News SPD Officers Search Medical Marijuana Group’s Office
posted by July 16 at 12:46 PMon
Medical marijuana is legal in Washington State. And marijuana possession for adult personal use is the lowest law-enforcement priority in Seattle. So why did Seattle Police Department officers seek and execute a search warrant last night on a medical-marijuana assistance organization?
That’s the question vexing Martin Martinez, who suffers from debilitating, intractable pain caused by cranial nerve damage in a motorcycle accident. In a small storefront on The Ave, he runs Lifevine Clinical Resources, which issues identification cards for medical-marijuana patients and finds legal defense for patients who are busted. “We are a very small handful of dying people. This is not a dispensary or buyers’ club,” he says. “We’re just trying to stay alive.”
At about 4 p.m. yesterday, two Seattle Police Department bicycle patrol officers went to the Lifevine office near NE 50th Street and University Way NE, Martinez says, claiming that one of them smelled marijuana. “[One officer] was certain there were live plants, so there I let him look because there were no plants,” says Martinez. “I was sure that he would go away.”
But the two cops then called in several more officers, and told Martinez that they were seeking a search warrant.

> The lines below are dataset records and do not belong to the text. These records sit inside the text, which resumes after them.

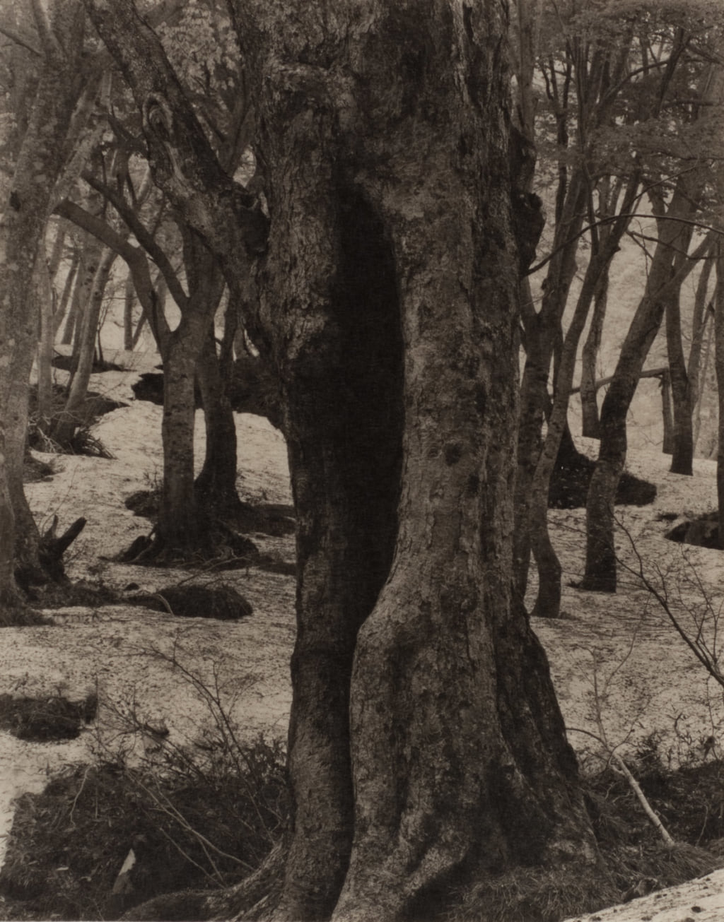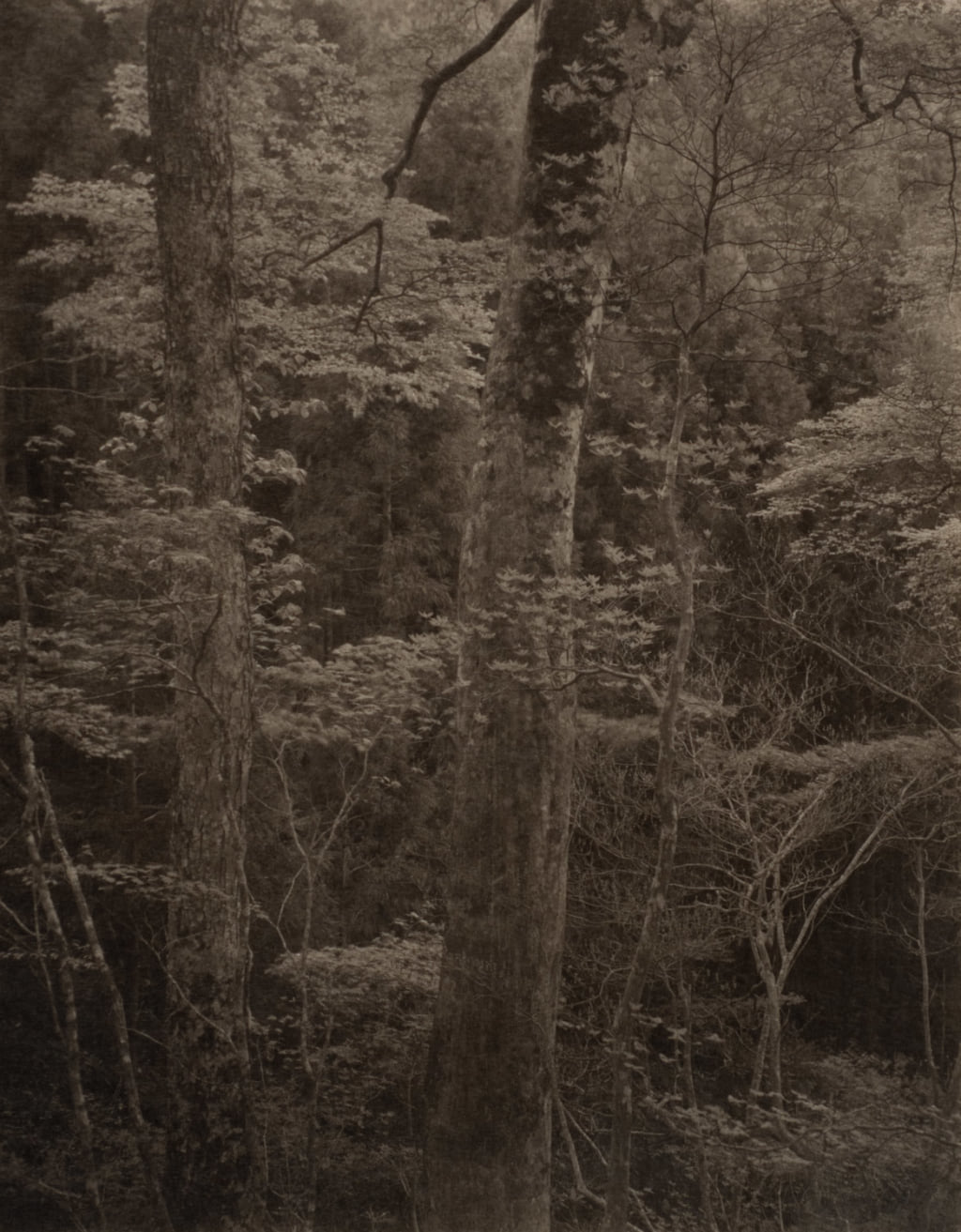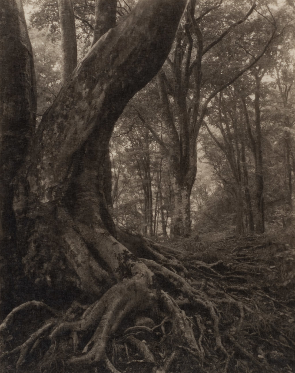 As part of an approach linked to Shintoism, the artist, born in 1948, observed the danger facing forests—linked to both climate change and the eradication of the connection between humans and nature—and decided to devote his life to it and establish a dialogue with these places that have been cherished for centuries. To do this, he uses his view camera and creates platinum-palladium prints on traditional Japanese paper, with a result that offers tones from cold black to brown.
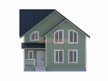 На фото представлен проект дачного дома №255 габаритами 7.5х8.5 метров и отличной планировкой общей площадью 124 квадратных метров. Можно выделить несколько особенностей проекта: эркер, туалет, ванная, санузел, панорамные окна. Коттедж полутораэтажный, может использоваться как зимний, для постоянного проживания, коттедж.
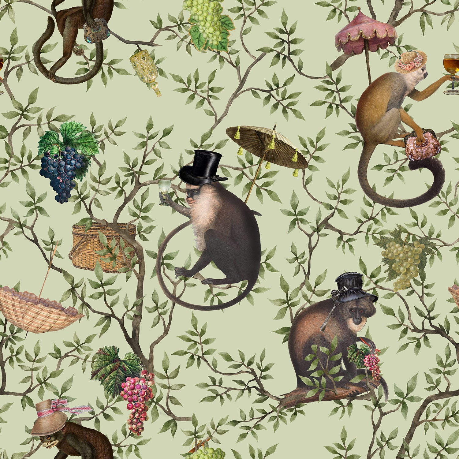 Sage Singerie Wallpaper – Monkey Garden Party Pattern
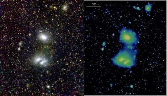 可见光显示了恒星所追踪星系的结构,但X射线主要是由中心生长的超大质量黑洞控制。在用光学望远镜看到星系团的地方,X射线揭示了巨大气体储存库填充了它们之间的空间,并追踪出宇宙的暗物质结构。随着其性能的证明,天文学家现在知道eROSITA望远镜将促使我们在理解充满活力的宇宙演化方面取得突破。进一步深入宇宙,A3391/3395相互作用的星系团系统eROSITA图像突出了促使宇宙中巨大结构形成的动力学过程。这些星团在eROSITA图像中显示为巨大的椭圆形星云,横跨数千万光年,每个星系团包含数千个星系。
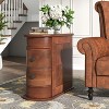 The side table is an Early America-style table in brown, has an attractive vintage appearance, the smooth surface that it's easy to clean; and arc unique design look more comfortable and gentle, reduce the risk of knock, more safety for children.
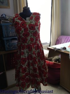 I must admit seeing it sitting there in its poppy glory I did wonder what we had done and what sort of mess I had got Liz into, but once the bodice was attached it looked a lot better. I padded up my dressmakers dummy with a 2 meters of fleece and used the test bodice as a guide.
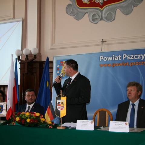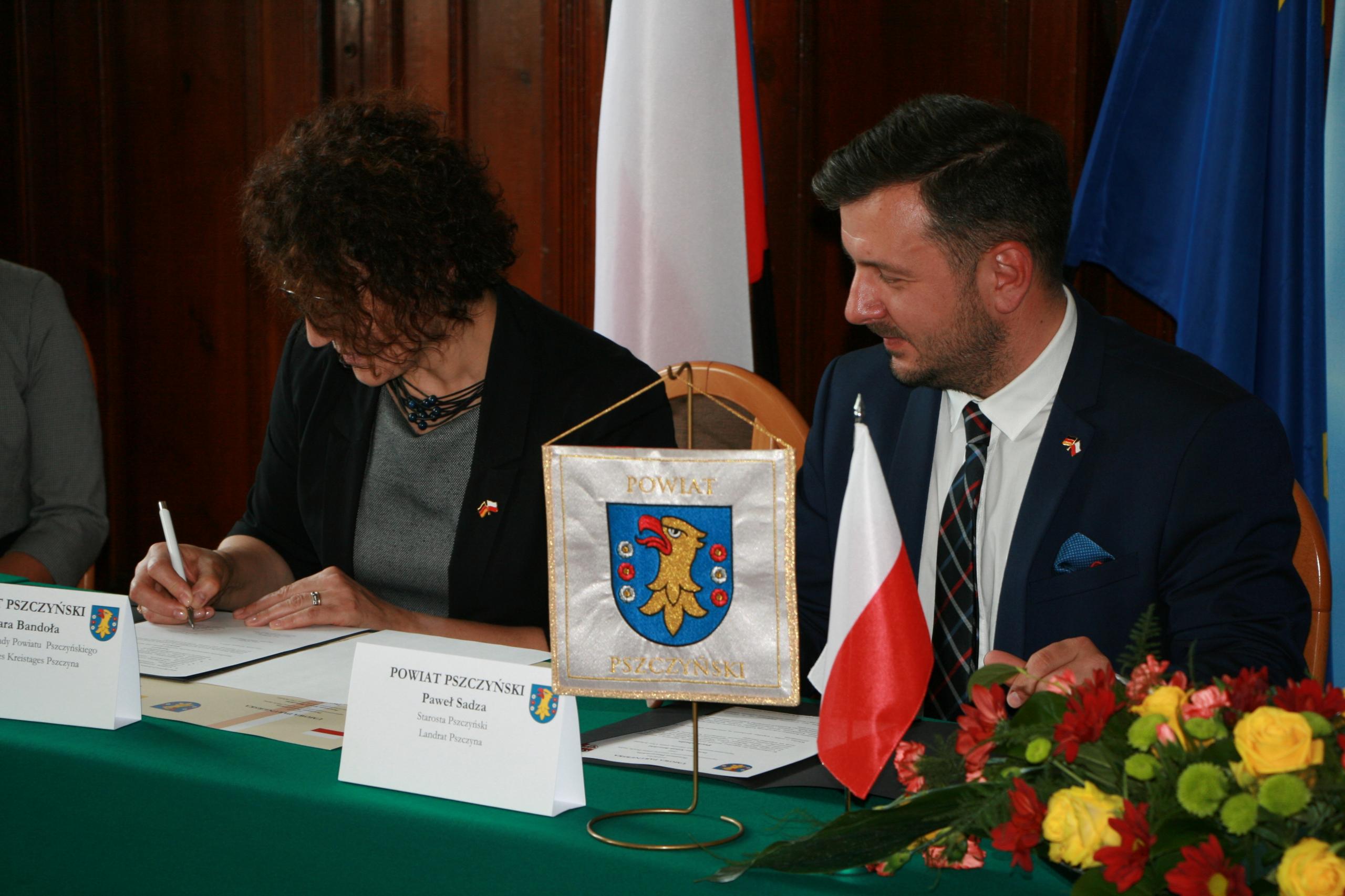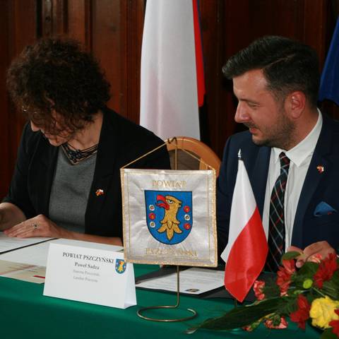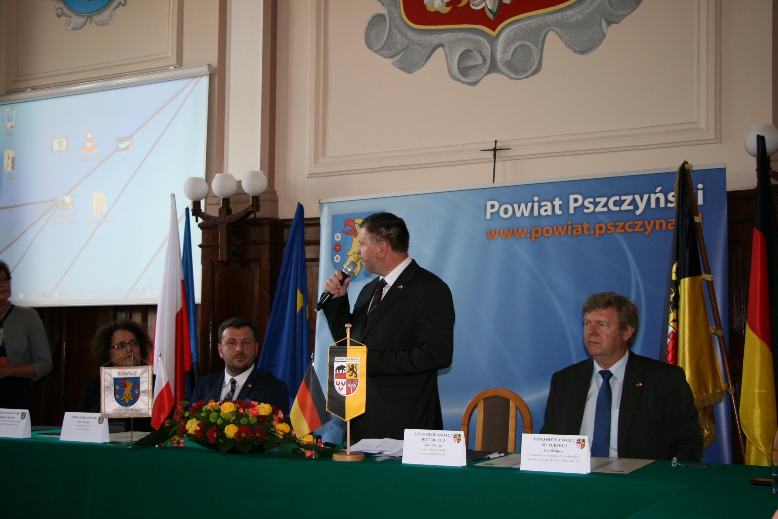 Unter Teilnahme zahlreicher anwesender Gäste, darunter Vertreter der Kommunalparlamente, der Landkreisverwaltungen Pszczyna und Anhalt-Bitterfeld, Unternehmer*innen, Schüler*innen und Pressevertreter, unterzeichneten die Landräte Pawel Sadza und Uwe Schulze die Partnerschaftsvereinbarung. Barbara Bandola und Veit Wolpert, Kreistagsvorsitzender, bestätigten dies mit ihrer Unterschrift. Beide Landräte betonten die Absicht zur guten und engen Zusammenarbeit. Besonders in Zeiten, da zwischen den Mitgliedsstaaten der europäischen Union Auseinandersetzungen und gegensätzliche politische Ansichten zu dominieren scheinen, freuten sich die Kommunalpolitiker über die bereits bis zum jetzigen Zeitpunkt entstandene freundschaftliche Annäherung beider Landkreise. Zur Bekräftigung und symbolischen Untermauerung des Abkommens tauschten beide Seiten ihre Landkreiswimpel aus.

The officers used tools in the office to take apart a wall to search for plants behind it, Martinez says.
After officers got the warrant and completed the search without making an arrest, Martinez returned to his office late last night. Police had seized his computer, 12 ounces of dried marijuana, and the medical records of 500 patients who had been issued ID cards. Lifevine issues the ID cards to patients who have authorization from physicians to use medical marijuana under the state’s Medical Use of Marijuana Act, passed in 1998.
“We have people’s entire medical records on file,” says Martinez. “They have no business being in the hands of the police department.”
Even though it appears SPD officers violated the medical-marijuana act, officers were technically abiding by the law. The statute only provides an affirmative defense after a defendant reaches a judge. However, officers also violated the voters’ intent of I-75, which makes investigating adult marijuana possession the city’s lowest law enforcement priority, by spending considerable resources investigating marijuana for personal use (the Department of Health recently proposed each patient could possess 24 ounces of marijuana, double the amount seized by police).
“Both law enforcement and Seattle residents would benefit from the Department publishing written guidelines on how its officers are to implement I-75’s mandate,” says Alison Holcomb, director of the Marijuana Education Project for the ACLU of Washington.
But neither the state nor city law prevents officers from searching medical marijuana patients, or seizing their property—even if the case would lose in court. So the search and seizure appears to be an opportunity seized by the SPD.